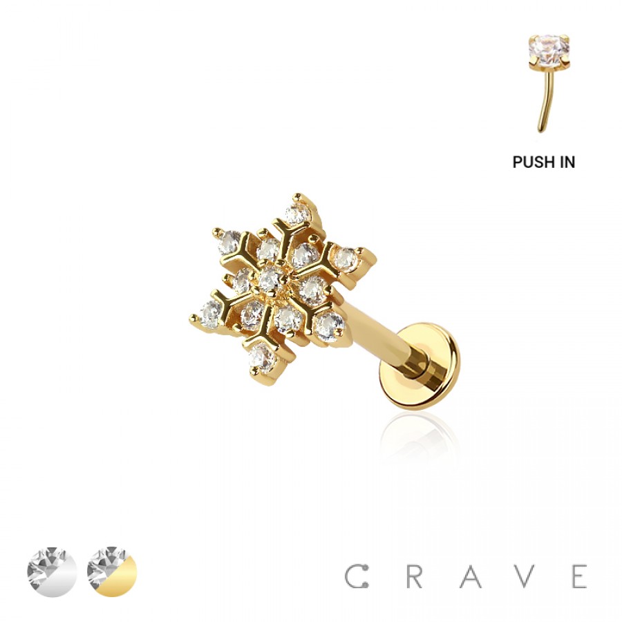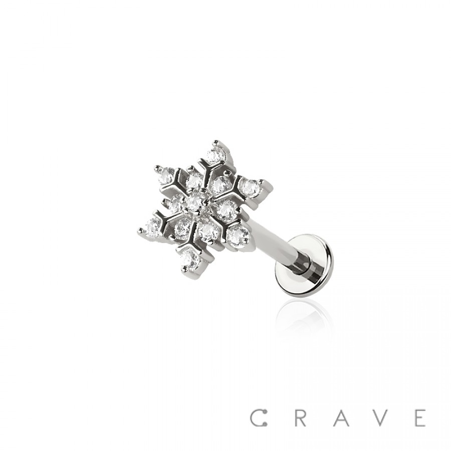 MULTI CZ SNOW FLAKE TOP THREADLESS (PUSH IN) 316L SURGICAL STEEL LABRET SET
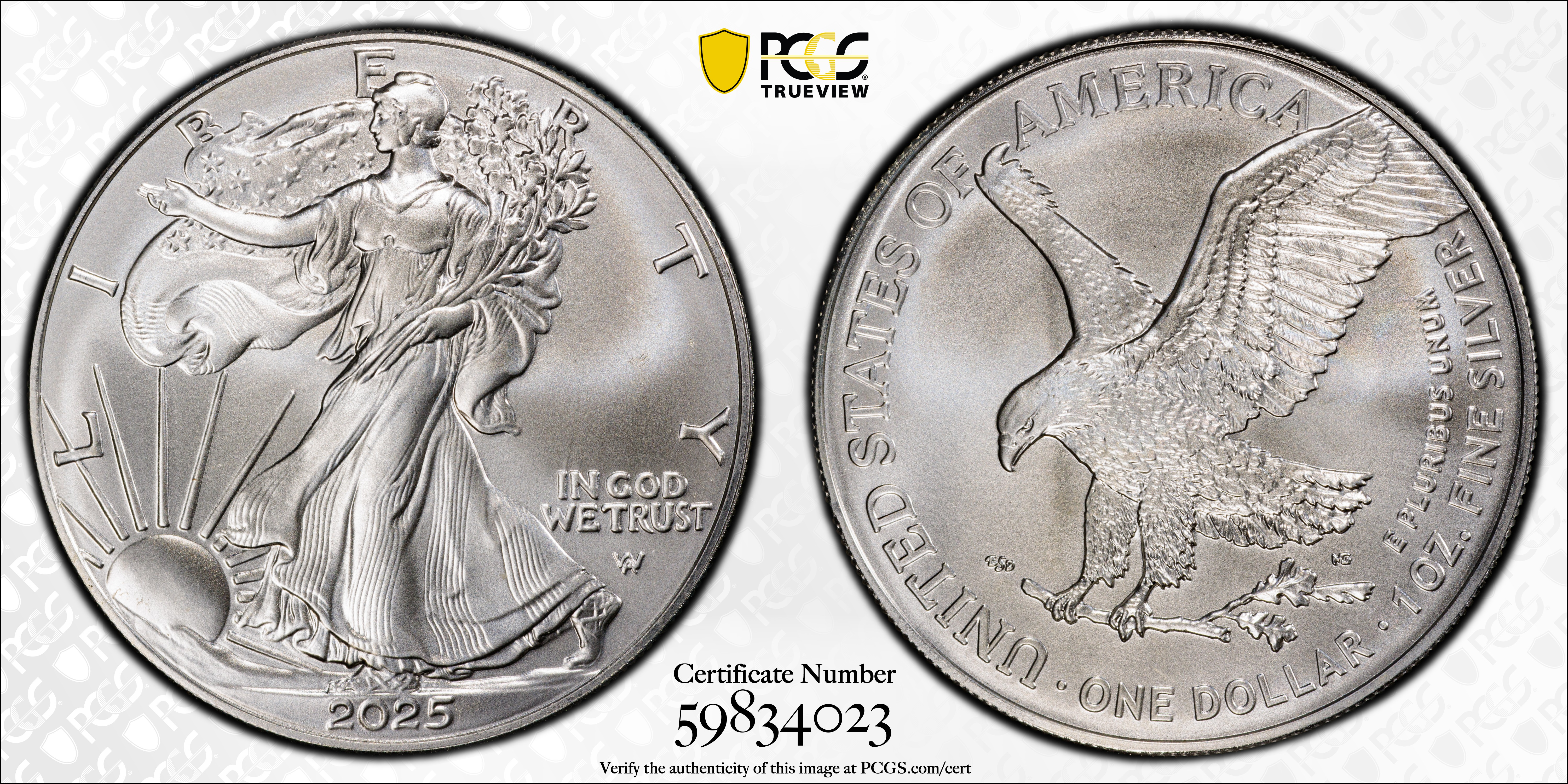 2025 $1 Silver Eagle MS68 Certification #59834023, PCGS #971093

★ ★ ★ ★ ★

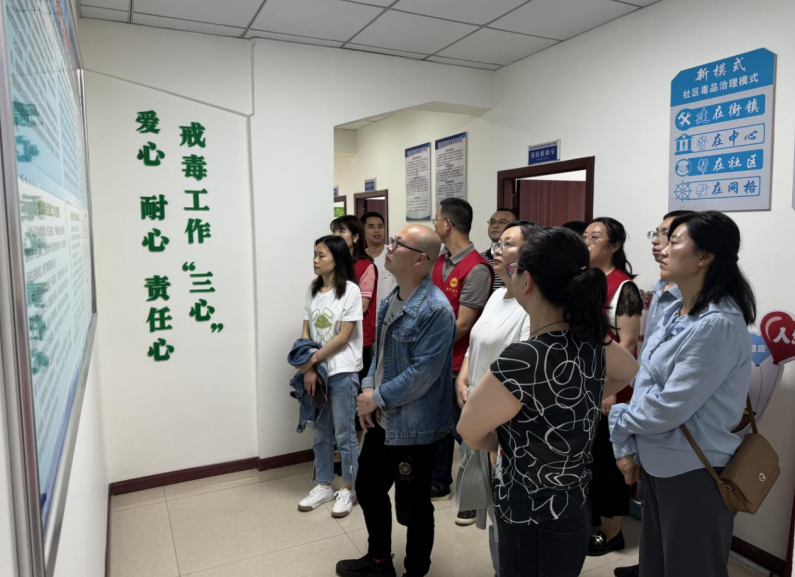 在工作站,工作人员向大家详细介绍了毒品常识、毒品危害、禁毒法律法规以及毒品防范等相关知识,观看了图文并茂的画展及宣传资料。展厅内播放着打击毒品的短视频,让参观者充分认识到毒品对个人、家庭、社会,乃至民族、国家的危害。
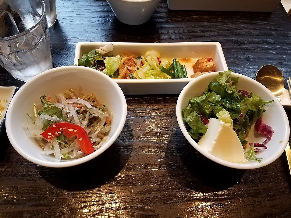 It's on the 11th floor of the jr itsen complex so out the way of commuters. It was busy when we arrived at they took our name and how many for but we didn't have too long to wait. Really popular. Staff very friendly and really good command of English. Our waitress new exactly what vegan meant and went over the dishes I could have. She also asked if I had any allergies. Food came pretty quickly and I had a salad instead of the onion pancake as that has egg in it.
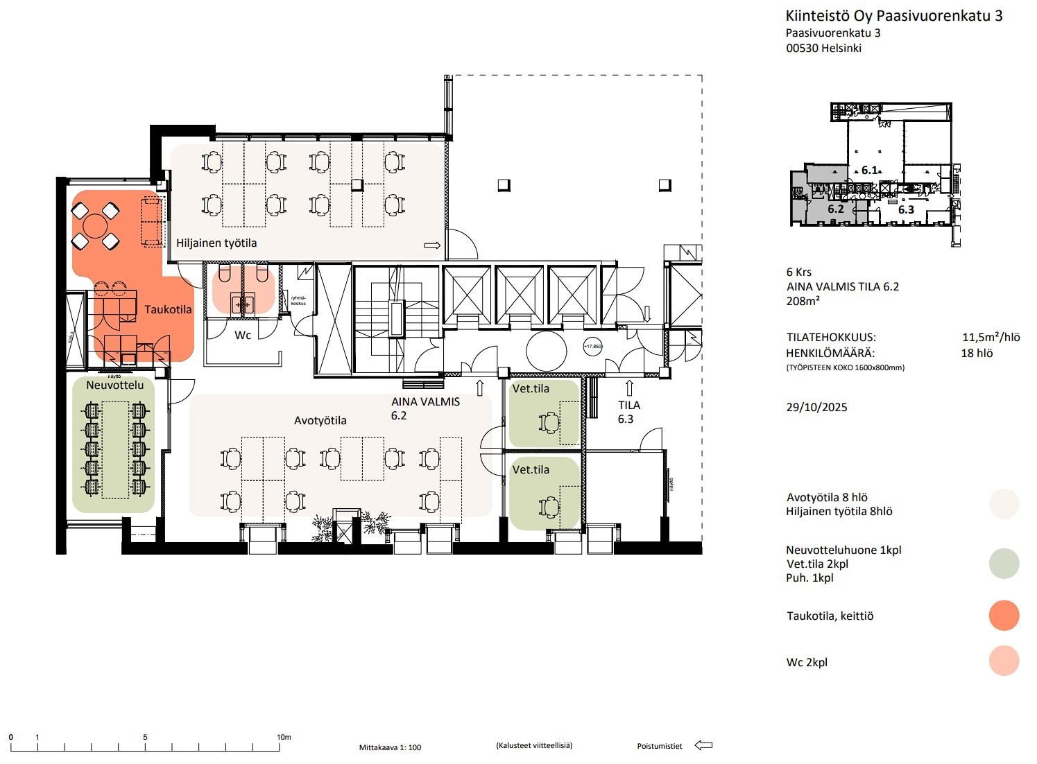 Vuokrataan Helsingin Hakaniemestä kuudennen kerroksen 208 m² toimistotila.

★ ★ ★ ★ ★

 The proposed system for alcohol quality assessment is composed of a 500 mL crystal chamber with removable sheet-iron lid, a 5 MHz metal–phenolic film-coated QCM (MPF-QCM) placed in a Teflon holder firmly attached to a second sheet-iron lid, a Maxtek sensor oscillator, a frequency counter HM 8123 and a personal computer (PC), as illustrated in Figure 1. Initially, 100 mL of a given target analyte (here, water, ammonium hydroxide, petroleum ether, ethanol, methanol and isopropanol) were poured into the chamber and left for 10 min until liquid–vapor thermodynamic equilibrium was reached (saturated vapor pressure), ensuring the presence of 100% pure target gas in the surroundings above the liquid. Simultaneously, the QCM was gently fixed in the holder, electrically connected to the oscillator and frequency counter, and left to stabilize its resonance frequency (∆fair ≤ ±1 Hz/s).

★ ★ ★ ★ ★

▶ **Exercise description**:
Please transcribe exactly the part of the records that opens with the line containing "It's on the" and closes with the line containing "Vuokrataan Helsingin Hakaniemestä", both ends included, and leave out the pictures.

▶ **Response area**:
 It's on the 11th floor of the jr itsen complex so out the way of commuters. It was busy when we arrived at they took our name and how many for but we didn't have too long to wait. Really popular. Staff very friendly and really good command of English. Our waitress new exactly what vegan meant and went over the dishes I could have. She also asked if I had any allergies. Food came pretty quickly and I had a salad instead of the onion pancake as that has egg in it.
 Vuokrataan Helsingin Hakaniemestä kuudennen kerroksen 208 m² toimistotila.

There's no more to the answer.